Mr. Jebb stated, that the question to be tried was of the highest importance to the public. The lands of Dangan were situate within the barony of Moyfenragh, and had been demised by Col. Burrowes to Roger O'Connor, Esq. the now proprietor, whose rent was payable half-yearly, and was usually received by Mr. Gregory, an attorney, and the Colonel's agent--but owing to tardy

payments, Mr. G. was under the necessity of resorting to legal process. In October, 1813, the last May rent being in arrear, Mr. G. received a note from Mr. O'Connor, informing him that if he went to Dangan, the rent would be paid: but it not being convenient for Mr. G. to leave Dublin, he wrote to Mr. Humphrey Doyle, of Trim, to whom he sent a receipt, requesting him to receive the rent from Mr. O'Connor, amounting to 750l.

Mr. Doyle applied to Mr. O'Connor, who appointed a particular day for payment. Mr. Doyle, on the day appointed, accordingly went to Dangan.

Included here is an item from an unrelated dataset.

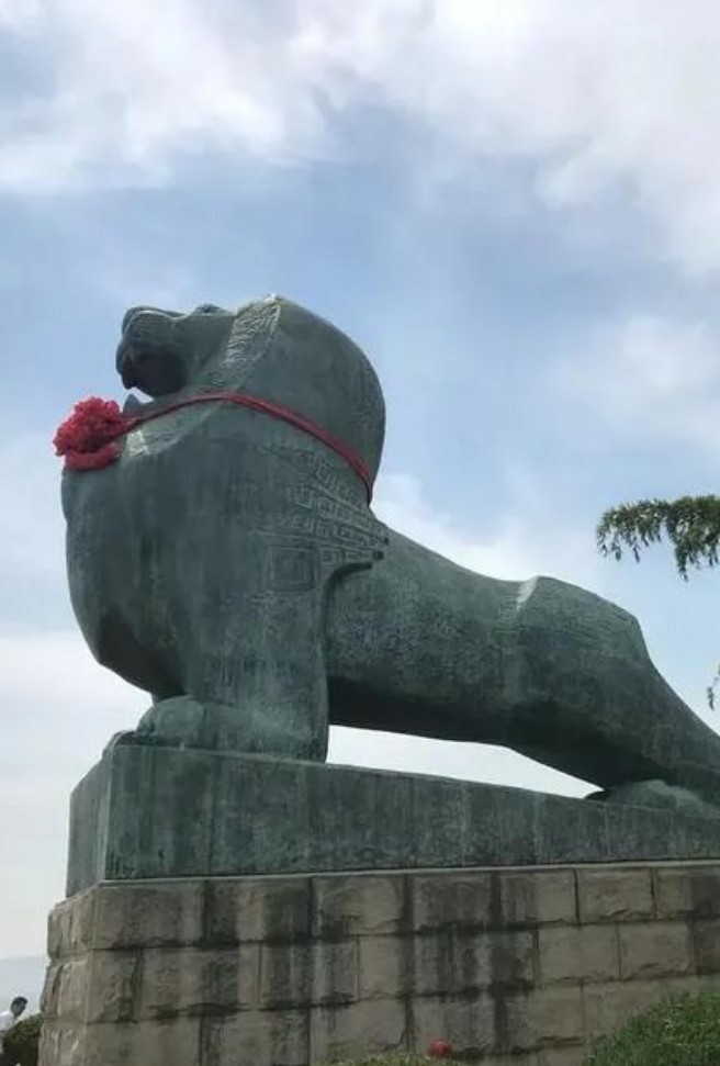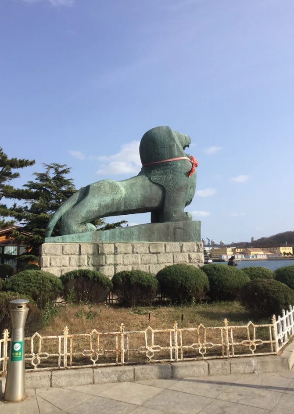 公园西侧那尊巨大的铜塑《醒狮》,取意于旅顺口元代曾名“狮子口”,象征着祖国日益强大,如同睡狮猛醒,昂首待发。

Humphrey Doyle was examined. On the day appointed for paying the rent he went to Dangan, between eleven and twelve o'clock, where Mr. O'Connor resided: a man met him at the gate, who informed him he was waiting, by Mr. O'Connor's orders, to take his horse, and directed him to the place where he would meet his master. He accordingly went to a house at a distance from the high road-it was the garden house-here he met Mr. Ŏ'Connor. They sat down, and Mr. O'Connor desired his son Roderick to go for the stocking. Roderick went, and soon returned with a stocking, in which were banknotes. Roderick delivered the stocking to his father, who then desired him to go about his business; and the witness only remained with the elder O'Connor. After some conversation, O'Connor paid him the rent, amounting to 750l., and he gave him Gregory's receipt. He asked for pen and ink to mark the notes; Mr.